= What is needed =
Look for the word "Opera" in the material below, then report each line where it occurs.
##### Data for the task
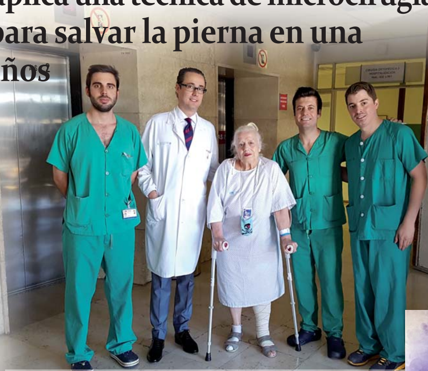
La paciente junto con los cirujanos plásticos durante un paseo por la planta de hospitalización. Derecha, radiografía completa de la pierna.

Con posterioridad, y durante su ingreso en el Hospital, Traumatología y Cirugía Plástica, en colaboración con Anestesiología
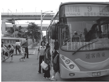
搭乘學生通學免費公車

共有普通班 18 班，自足式特教班 2 班，資源班 1 班，幼稚園 1 班。學生人數 347 人；教職員工計 56 人，教師獲碩博士學歷比例達 48.8%。
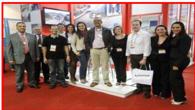
Equipe: Decom RJ / Decom SP / Base Macaé
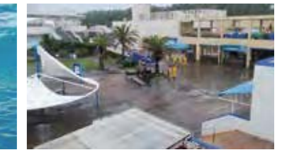
▲ 台風12号の高波被害にあった園内
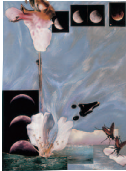
《夢の地表 I 愛の歌》 1978年 コラージュ、パステル 当館蔵
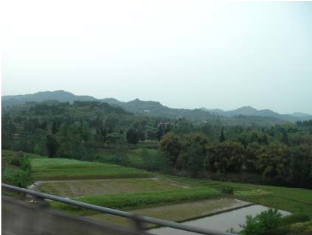
Näkymä entisen Oulun, tulevan Leuvanjoen, maantieteelliseen keskusta, etualalla Letuaari.

Epävarmana siitä, pitäisikö tässä tilanteessa onnitella vai ottaa osaa, toimittajanne vetäytyy ottamaan osaansa paikallisen panimon sammiosta. Täältä kaukaa on vaikea muuta kuin toivottaa onnea Oululle ja oululaisille, teitte hyvän valinnan!! Seuraavaksi tapaamme ilmeisestikin Suomen uusimmalla ja viimeisimmällä asutusalueella, Leuvanjoella. Hymyillään kun talikoidaan
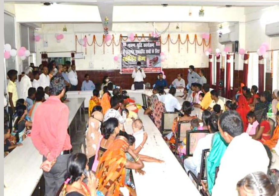
3. District level screening camps
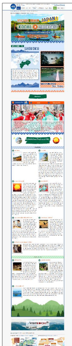
高知県PRページ（観光）
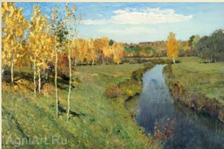
И. И. Левитан «Золотая осень»
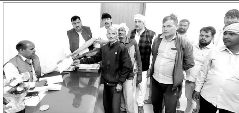
ग्रामीणों ने तहसीलदार को ज्ञापन देकर की अतिक्रमण हटाने की मांग की।

ग्रामीणों की ओर से दिए ज्ञापन में बताया कि हुकमा की ढाणी से माकड़ों जाने वाले आम रास्ते पर कुछ लोगों ने अतिक्रमण करने से आमजन का निकलना दुभर हो रहा है। पहले भी अतिक्रमण से होने वाली परेशानी को लेकर ग्रामीणों की शिकायत पर तहसीलदार द्वारा कार्रवाई कर अतिक्रमण हटवाया गया था, लेकिन अब दोबारा से आम रास्ते में इंटरलॉकिंग ईट डाल देने से वाहन नहीं निकल पा रहे हैं। इसके अलावा रास्ता बंद होने से गांव में
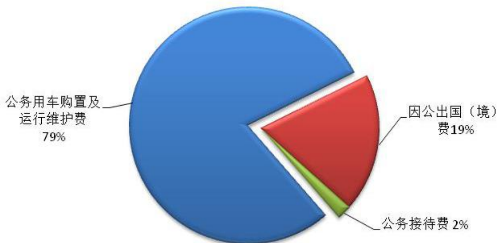
图 4: “三公”经费支出结构
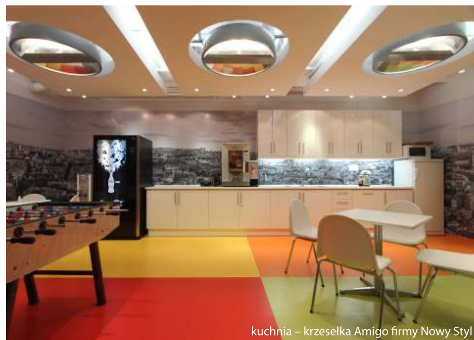
kuchnia – krzeselka Amigo firmy Nowy Styl
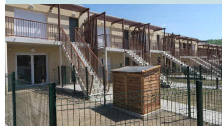
20 logements à Breuil-le-Sec
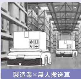
製造業×無人搬送車
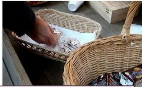
Proyecto Solidario "Fundación Antonia Colado"
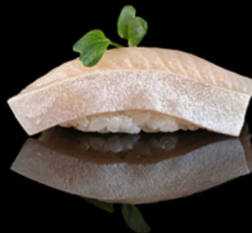
303. NIGIRI RICCIOLA 2PZ € 5.00

Bocconcini di riso con fettina di branzino crudo. Allergeni: 4
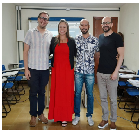
Evento UNIRIO DE BRAÇOS ABERTOS para docentes

PROGEPE informa sobre procedimentos para tomar mais rápida e segura as solicitações dos servidores
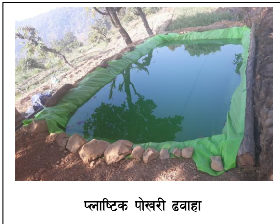
प्लाष्टिक पोखरी ढवाहा

यस वर्ष यस परियोजना अन्तर्गत प्लान्ट क्लिनिक, अनुकुलन योजना, जलवायु अनुकुलित विउ वितरण, उपकरण सहयोग, कृषी जे.टि.ए. स्वयंमशेवक परिचालन, बजारीकरणका साथै स्थानीय तहका सरोकारवालाहरूसंगको समन्वय तथा अनुगमन, मुल्यांकन जस्ता क्रियाकलापहरू संचालन गरेकोछ । यस प्रतिवेदनमा सन् २०१८ अगष्ट देखि जुलाई २०१९ सम्म ति लक्षित क्षेत्रमा गरिएका क्रियाकलापहरूलाई समावेश गरिएकोछ ।
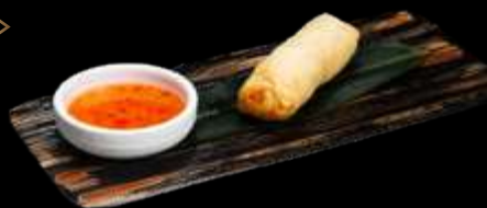
O14. INVOLT. PRIMAVERA 1pz, involtino di verdure. €2.00
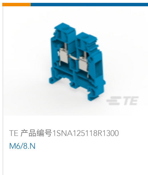
TE 产品编号1SNA125118R1300 M6/8.N
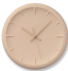
RF 22-06 BG ベージュ 4515030100645
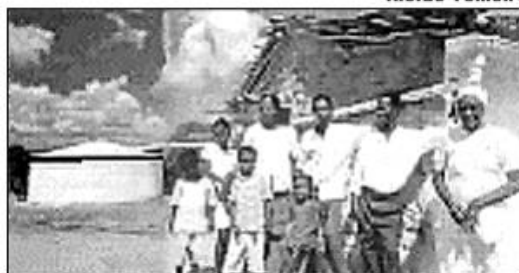
Revista Globo Rural, setembro, 2003.

O reservatório citado tem altura aproximada de 1,8 metro e capacidade para armazenar 16000 litros da água da chuva. Considerando R o raio da base do reservatório, pode-se afirmar que R^2 , em metro quadrado, é aproximadamente:
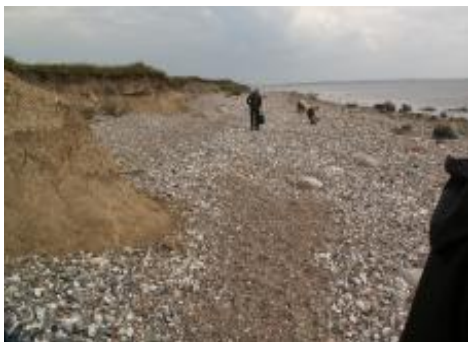
Parti fra vestsiden

Jeg tror, alle var velforsynede og glade for at have set eller guset denne perle af en ø, og det bliver helt sikkert ikke sidste gang, klubben vælger den som turmål.
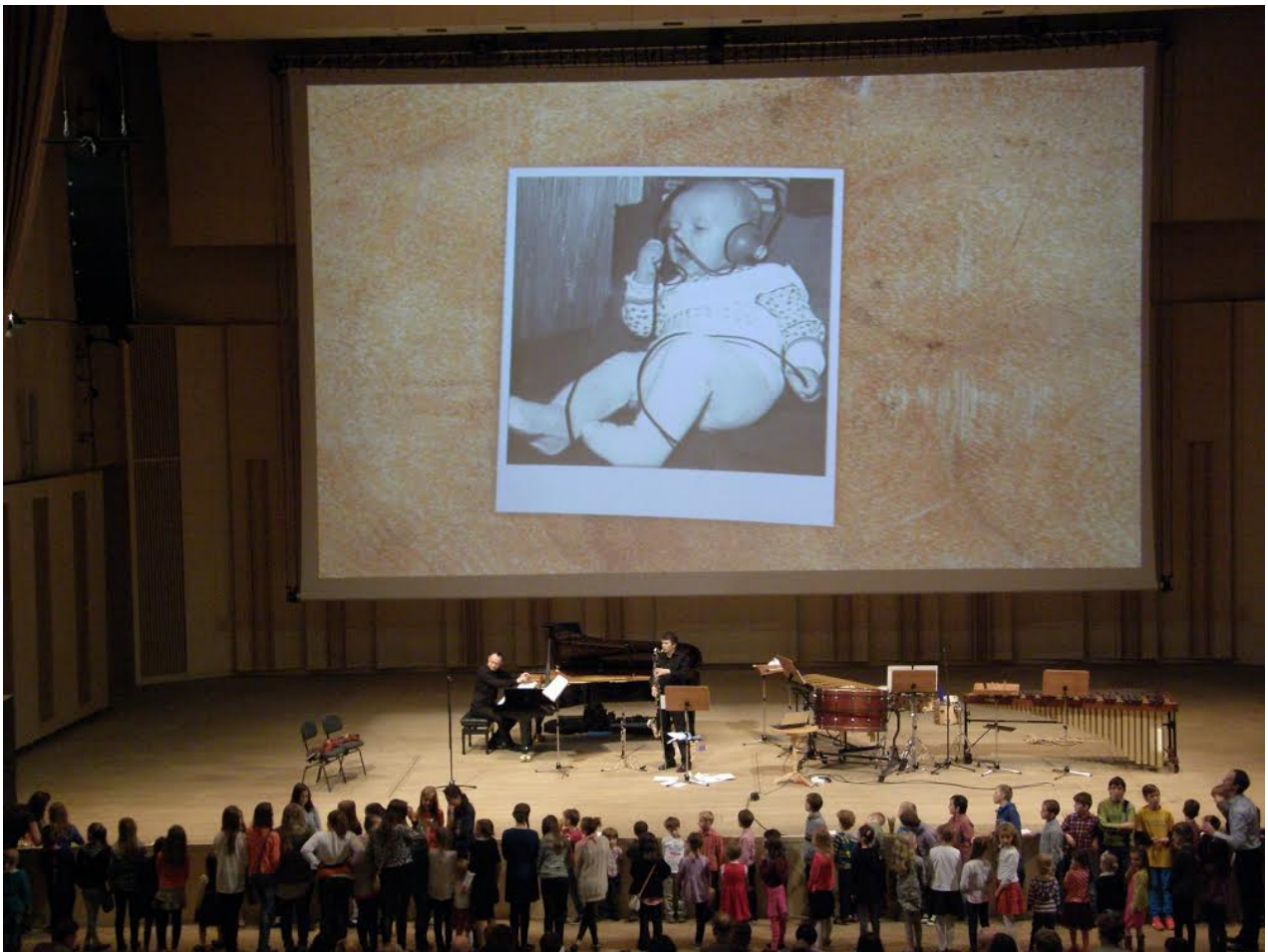
Zdjęcie powyżej: Koncert w Filharmonii Świętokrzyskiej w Kielcach.
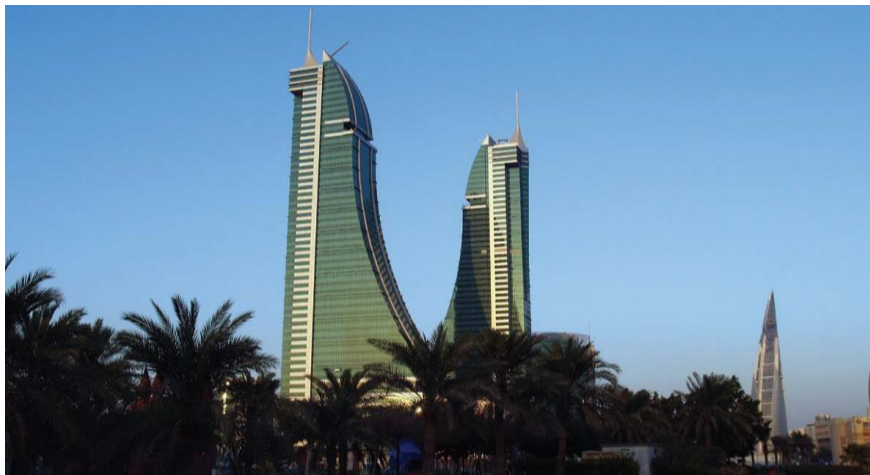
巴林金融港和世界贸易中心
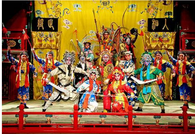
Gambar 2.5. Opera Beijing

Opera merupakan seni teater masyarakat China, di daerah-daerah opera ini biasanya dimainkan saat ada festival ataupun acara tertentu.
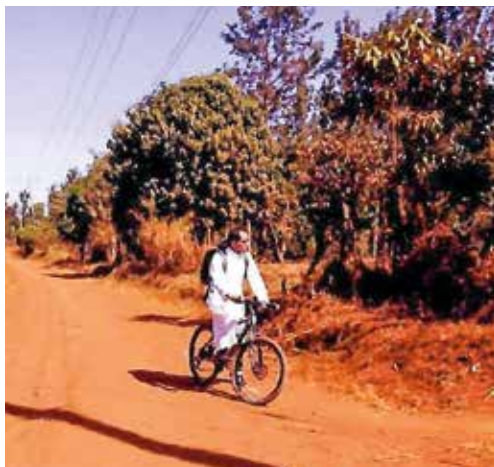
Alles met de fiets
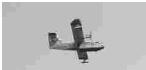
Il canadair in volo sulle colline di Nocera Terinese
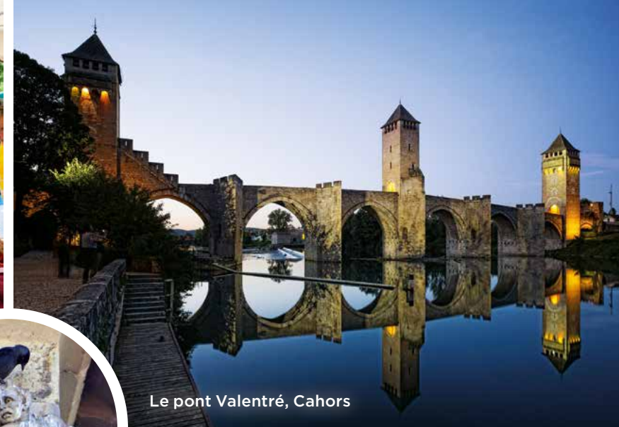
Le pont Valentré, Cahors
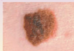
Меланома - диаметр больше 6 мм

При малейших подозрениях на злокачественное образование кожи – проконсультируйтесь у онколога.
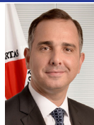
Presidente Rodrigo Pacheco (PSD-MG)
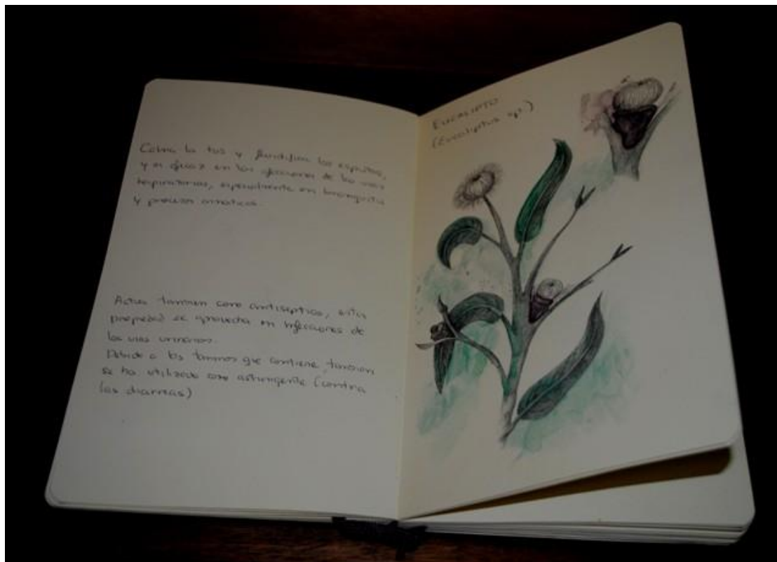
Casandra Carpintero. Libro de botánica . 2010 Aluminio, papel y acuarela. 23 x 15 x 3 cm.
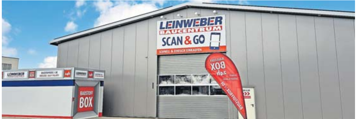
Der neue Markt in Hünfeld befindet sich in der Industriestraße 15.

Baumaterialien einkaufen ist nun noch schneller und einfacher. Nach der erfolgreichen Eröffnung in Petersberg im April diesen Jahres und der positiven Resonanz unserer Kundschaft, eröffnen wir zum 1. September einen weiteren Markt in Hünfeld in der Industriestraße 15. Wir laden Sie herzlich zur Neueröffnung am 1. und 2. September in Hünfeld ein. An diesen Tagen gibt es Essen und Trinken
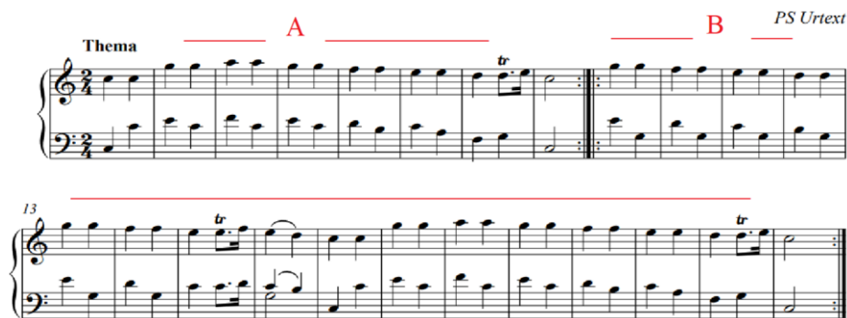
شكل رقم (٢)

اللحن الأساسي في تنويعات موتسارت في مقام دو الكبير مصنف ٢٦٥
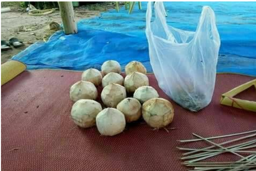
ภาพอุปกรณ์ (ลูกมะพร้าว) ใช้สำหรับปักไม้ไผ่
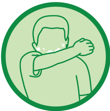
ไอหรือจามเข้าข้อพับ แขนของคุณ
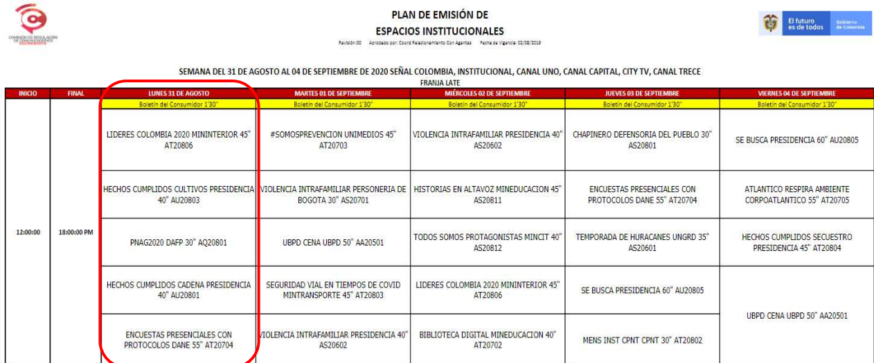
Imagen 1. Plan de Emisión de Espacios Institucionales – Franja Late

En este sentido, al revisar el Plan de Emisión de Espacios Institucionales elaborado por la CRC para la semana del 31 de agosto de 2020 al 4 de septiembre de 2020, e informado a los canales mediante correo electrónico 1 , se encontró que se establecieron los siguientes mensajes para ser transmitidos en el espacio institucional de la franja late:
##########
= Task answer =
Gambar 2.5. Opera Beijing
Opera merupakan seni teater masyarakat China, di daerah-daerah opera ini biasanya dimainkan saat ada festival ataupun acara tertentu.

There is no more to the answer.